Following the removal of low-quality reads and chimeric sequences, we obtained a total of 999,539 sequences from the 20 samples used for analysis (five cutaneous microbiota samples from hybrid snakehead with EUS, five cutaneous microbiota samples from healthy hybrid snakehead, five pond water microbiota samples, and five pond sediment microbiota samples). To eliminate the influence of sequencing depth, 29,781 sequences of each sample were randomly re-sampled according to the amount of sample sequence to obtain the minimum effective sequences and used for further analysis. Although three archaeal and 56 bacterial phyla were detected from the 20 microbiota samples, we found that the microbiota primarily comprised 15 predominant phyla (their relative abundances were greater than 1% in at least one sample; Fig. 2A). Although the relative abundances of most of these dominant phyla differed significantly among the cutaneous microbiota of hybrid snakehead with EUS, and those of healthy hybrid snakehead, pond water microbiota, and sediment microbiota, only Actinobacteria and Firmicutes were significantly reduced in the cutaneous microbiota of hybrid snakehead with EUS compared with that of healthy hybrid snakehead (Fig. 2C, 2I). This could be attributable to the fact that the numbers of many unclassified bacteria were enhanced in the cutaneous microbiota of hybrid snakehead with EUS, representing up to 29.77% ± 14.92% of the analyzed sequences. In contrast, unclassified bacteria comprised only 6.33% ± 1.07% of sequences in the cutaneous microbiota of healthy fish (independent t-test, t = 5.303, p = 0.024).
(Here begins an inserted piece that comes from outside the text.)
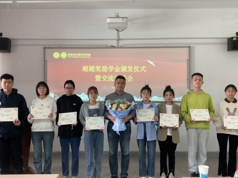 4月18日下午,437bwin必赢国际官网“超越奖助学金”颁发仪式暨座谈交流会在知行校区开物楼801会议室举行。“超越奖助学金”捐资者、我校杰出校友、华东师范大学地理科学学院叶超教授,学院党委书记于国建、副院长焦亮、副院长谢文涛、专职辅导员及获奖学生代表参加会议。
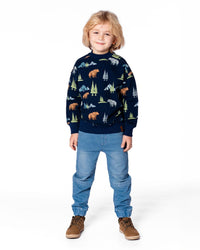With an allover bear, tree, and mountain print, this fleece top is made for the boy who loves camping, fishing, and spending time in the woods. In ultra-soft cotton/poly fleece, this sweatshirt features a pullover silhouette with long sleeves, a crew neckline, and stretchy rib knit trim at the neck, cuffs, and hem.

In the present study, we detected a total of 7,108 OTUs classified into 969 genera, among which, 201 genera dominated the cutaneous microbiota and habitat microbiota. Streptococcaceae unidentified genus (24.48% ± 5.37%), genus Lactococcus (7.97 ± 1.46%), genus Clostridium (3.79% ± 0.37%), Comamonadaceae unidentified genus (3.70% ± 0.30%), and Betaproteobacteria unidentified genus (2.48% ± 1.19%) were the five most abundant genera in the cutaneous microbiota of healthy hybrid snakehead, whereas genus Clostridium (16.37% ± 6.71%), Peptostreptococcaceae unidentified genus (6.24% ± 7.25%), Comamonadaceae unidentified genus (2.73% ± 1.98%), JTB215 unidentified genus (2.69% ± 1.27%), and Betaproteobacteria unidentified genus (2.48 ± 2.52%) were the five most abundant genera in the cutaneous microbiota of hybrid snakehead with EUS. At both the OTU (PERMANOVA, F = 12.746, p < 0.001; Fig. 3A) and genus (PERMANOVA, F = 16.409, p < 0.001; Fig. 3B) levels, there were significant difference among the microbiota from the cutaneous microbiota of hybrid snakehead with EUS, cutaneous microbiota of healthy controls, pond water, and pond sediment (Figs. S1A and S1B). The unweighted UniFrac distances in the EUS group were significantly higher than those in the PW group (Wilcoxon test, p = 0.001; Fig. S1C; Table S2). The weighted UniFrac distances in the EUS group were significantly higher than those in the healthy group (Wilcoxon test, p < 0.001) and the PW group (Wilcoxon test, p = 0.001; Fig. S1D; Table S2). The weighted UniFrac distances between groups were significantly higher than those within groups (Fig. S1D; Table S2). The LEfSe results indicated that bacteria classified into the genera Anaerovorax, Anaerosinus, Dorea, and Clostridium were significantly enhanced in the cutaneous microbiota of hybrid snakehead with EUS, whereas those classified into the genera Arthrobacter, Dysgonomonas, Anoxybacillus, Bacillus, Solibacillus, Carnobacterium, Lactococcus, Streptococcus, Achromobacter, Polynucleobacter, Vogesella, and Pseudomonas were significantly reduced (Fig. 3C).

The dominant OTUs enhanced in the cutaneous microbiota of hybrid snakehead with EUS tended to be positively correlated with the dominant OTUs in the sediment, whereas dominant OTUs in the cutaneous microbiota of healthy hybrid snakehead tended to be positively correlated with those reduced in the cutaneous microbiota of hybrid snakehead with EUS or those in the sediment (Fig. 4). The dominant OTUs reduced in the cutaneous microbiota of hybrid snakehead with EUS tended to positively correlated with those in the pond water (Fig. 4). These results indicate that the dominant cutaneous microbiotas of hybrid snakehead with EUS were more closely related to the sediment microbiotas, whereas those of healthy hybrid snakehead were closer to the pond water microbiotas.